Exercise>
Below are records with pictures in them. Transcribe everything from the line containing "Breloc personalizat, din" down to the line containing "2. 다음지도 바로가기 검색", exactly, and leave the pictures behind.

Records supplied>
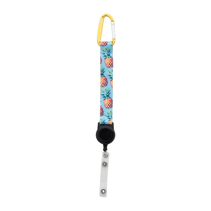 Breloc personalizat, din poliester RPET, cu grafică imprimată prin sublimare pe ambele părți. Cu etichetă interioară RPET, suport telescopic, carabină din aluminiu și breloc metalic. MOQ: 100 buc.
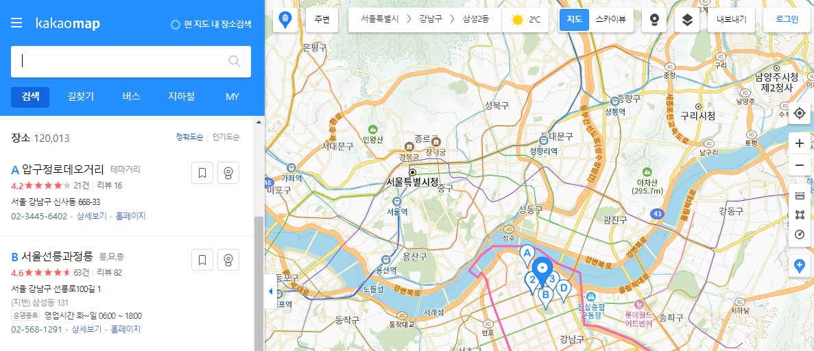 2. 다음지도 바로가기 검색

---

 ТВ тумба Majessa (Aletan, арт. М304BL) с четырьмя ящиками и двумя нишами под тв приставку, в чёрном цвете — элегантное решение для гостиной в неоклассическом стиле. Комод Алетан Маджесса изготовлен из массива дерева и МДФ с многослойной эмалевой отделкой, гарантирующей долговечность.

Result>
 Breloc personalizat, din poliester RPET, cu grafică imprimată prin sublimare pe ambele părți. Cu etichetă interioară RPET, suport telescopic, carabină din aluminiu și breloc metalic. MOQ: 100 buc.
 2. 다음지도 바로가기 검색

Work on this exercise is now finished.